Arguing against an American climate in which defensive boundary protection rules the day, Taylor wrote that this citizenry “is more open and less anxious about boundaries. . . It [has] a covenant to both care for the commons and to safeguard individual dignity and agency — to recognize their interdependence.”
Taylor was a professor of mine, and it is she who first introduced me to Hannah Arendt’s work. A German Jew, Arendt was forced to leave Germany in 1933; she eventually immigrated to the U.S. in 1944, where she remained until her death. I almost immediately fell in love with Arendt’s political philosophy because it conceptualized a political culture in which citizens could come together to create a shared world without having to enforce one common identity or political ideology.
Arendt’s views on American public controversies weren’t always well received. Her 1959 essay “Reflections on Little Rock” about the integration of Central High School in Little Rock in 1957 angered activists and writers. In “Reflections,” the philosopher argued against racial oppression and the federal enforcement of the integration of public schools.

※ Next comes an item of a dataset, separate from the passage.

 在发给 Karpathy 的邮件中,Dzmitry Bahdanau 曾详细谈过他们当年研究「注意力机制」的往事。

Arendt pointed out that while adults were making children the agents of social and political change, they were ignoring the fact that a more important human right was being ignored: the right to marry whomever one wishes. In other words, the South was allowed to keep its miscegenation laws on the books. The political philosopher felt that “the right to home and marriage” was more fundamental than “the right to attend an integrated school.”
In other words, Arendt was asking: Are you fighting the right fight?
The Art-gate Fight
Also in our last issue, on the back page, was a photo of a new mural publicly displayed on N. Limestone. I had noted and enjoyed the mural. I asked a few people if they knew who had done it; they didn’t know. The piece itself had nothing indicating the author’s name or the title of the mural.

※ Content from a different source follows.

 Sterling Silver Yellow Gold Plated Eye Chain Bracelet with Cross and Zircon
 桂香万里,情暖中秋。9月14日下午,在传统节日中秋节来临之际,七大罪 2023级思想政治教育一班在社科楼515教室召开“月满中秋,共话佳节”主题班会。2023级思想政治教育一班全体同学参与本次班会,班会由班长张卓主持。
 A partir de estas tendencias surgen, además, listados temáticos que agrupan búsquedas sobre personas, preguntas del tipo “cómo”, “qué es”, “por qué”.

When a photographer submitted a photo of the mural, we ran it with a caption mimicking the experience of passersby who saw the art and wondered who did it. The caption asked for the name of artist and the mural’s title so we could, in our next issue, “solve the mystery.”
The response to that caption and the running of the photo of what turned out to be Niah Soult’s mural churned up a discussion that was unexpected, emotional, accusatory, and at times uncivil. NoC has come to call the episode Art-gate.